So what's Google done that's caused so many sites to drop? My best guess is that the company may be making use of Teoma-like "local ranking" to filter out irrelevant links that can throw its link analysis system off. Stemming is also a factor, and other techniques may be involved.
Google Versus Teoma
Consider how Google traditionally has ranked things and explained its system to the general public. Google calculates a score for each and every page it knows about, based on the links it sees to that page from all other pages it has seen on the web. This is the page's "PageRank" score, which can be viewed with the Google Toolbar.
When someone does a search, Google uses the PageRank score plus many other factors to determine if a page should rank well. Pages with PageRank scores less than other pages may still outrank those other pages if factors such as page content, hyperlink content and so on give the page a boost.
Google has tweaked the both the PageRank counting system and its entire search algorithm over time. Guestbook links may not be counted or not count as much, it's widely assumed. Internal links, especially those that use the same text and style on every page in a web site, these also are suspected to have been discounted. Despite these tweaks, Google is still examining every link if finds from across the web.
Now consider Teoma (and see this article for more details on how Teoma works). When you search at Teoma, it finds all the pages considered to have matched your query. Look for "travel," and it gets all the pages matching travel based on body text and traditional on-the-page factors. Then for this particular set of pages, Teoma quickly calculates its own version of PageRank for each page in the set. Only the links within the set are deemed relevant.
- Google = link score based on all web pages
- Teoma = link score based on only pages found within a query
In general, LocalRank is very Teoma-like. The key difference, as I understand it, is that Google gets all the pages it would in the past where PageRank would be involved, then it recalculates PageRank based on what's found in response to the query.
The WebmasterWorld.com summary says that only the top 1,000 results would be considered. That's not actually the case. The patent says that any depth could be analyzed. Google might look at links between pages in the top 100 results, the top 1,000, the top 100,000 or all pages found.
Google might also make use of some enhancements for discounting links that aren't covered in this particular patent. The main point is really that the pages actually found in a QUERY suddenly have much more influence than ALL pages across the web.
This type of change would be a major departure for Google. It wouldn't be a tweak -- it would be a massive upgrade of its algorithm. It's also likely to have a huge impact on some sites.

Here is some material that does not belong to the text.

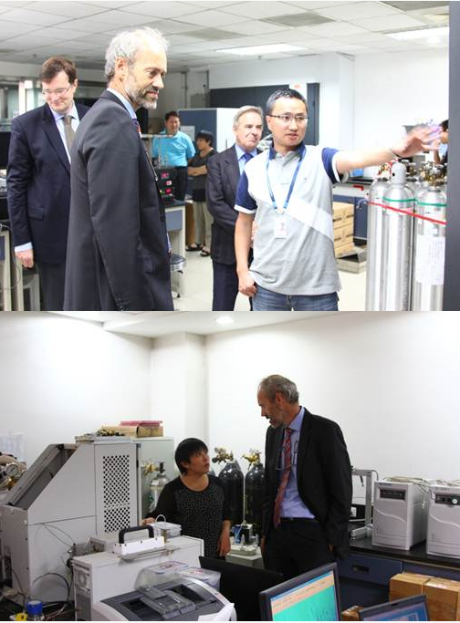 参观中大气成分研究所孙俊英所长向来宾介绍了气科院大气成分在基础观测、实验室分析、预报模式建立及应用等方面研究现状。随后孙俊英及方双喜带领来宾参观了温室气体、气溶胶分析等实验室。

Consider all the people that may have done well with link exchanges from pages not related to a particular topic, such as the hotel site that got a link from a pet store. If that pet store page doesn't make it into the top 1,000 results for a search on "hotel," as you would expect it not to, then the pet store link to the hotel site doesn't help as much as with Google's old system.
Consider someone with good internal linking. If many of the internal pages are off the topic of a search, then they get discounted in a local rank system. Or consider that Google might do something like say, "OK, I see they've got many relevant internal pages, but I'm only going to count links on those I'd actually display in the top results." And given how Google "indents" when there's more than one relevant page from a particular site, these internal links suddenly might count for less.
Running Two Systems
Retrieving documents in response to a query is no easy task. Recalculating ranking scores based on the documents within a set you've retrieved is even harder. That's why Teoma has been so happy. They've got a system that lets them do this quickly. In my past interviews with Teoma, they've felt it would be harder for others to catch up. But if anyone was going to, Google would be the top candidate.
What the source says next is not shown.